The Post-Dispatch reported on October 29, 1988 that Akin, who was elected days later to public office, “spoke to about 35 anti-abortion activists” planning to block clinic doors the next day. He said, “As far as I am concerned, you are the freedom fighters of America.” “My hat is off to you,” he continued.
The article identified Dreste as director of Whole Life Ministries, “a new anti-abortion group in St. Louis.” “We’re going to tell her we’re not going to allow her to kill her baby,” he said. Dreste made clear that protesters would block the clinic doors and refuse police orders to move. “We will tell (police) we will obey God’s law before we obey man’s law.” Sound familiar?

Right Wing Watch promises even more information about Akin’s radical anti-choice group ties, but it’s Salon that gives the rest of the story, including Akin’s involvement with a local militia group as well as an ongoing relationship with Dreste, who eventually was convicted for threatening providers.
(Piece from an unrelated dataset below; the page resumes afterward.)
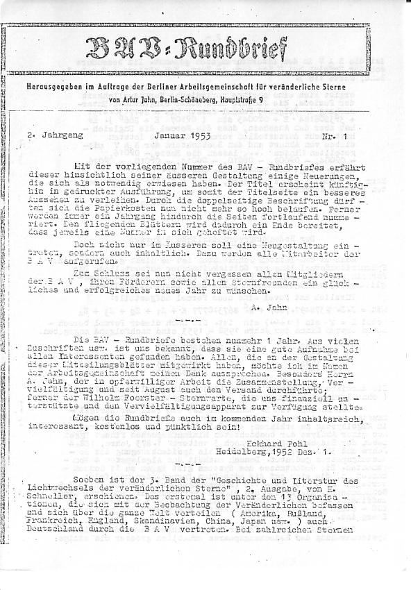 BAV Rundbrief 1/1953 Seite 1

Here’s the coda on Dreste: In 1988 he was convicted in federal court for inciting violence against abortion doctors throughout the 1980s and 1990s, which were deemed “true threats” not protected by First Amendment. “It was a federal trial watched around the country,” the Riverfront Times noted in a lengthy profile of the activist from 1999. Dreste and his compatriots were not charged in any of the 40 clinic bombings or seven murders that took place in the U.S. between 1983 and 1999, some of which they were suspected of being involved in, but rather of invoking violence via their websites and other publications under a novel use of federal racketeering laws. “I find that each defendant acted with specific intent and malice in a blatant and illegal communication of true threats to kill, assault or do bodily harm to each of the plaintiffs and with the specific intent to interfere with or intimidate the plaintiffs from engaging in legal medical practices and procedures,” U.S. District Judge court judge Robert E. Jones wrote in his ruling.

With so many ties to violent radical rightwing groups coming to the surface (some of which appear to not even be fully severed) is it any wonder that Akin is instead embracing a literal “dog and pony” show as a distraction technique?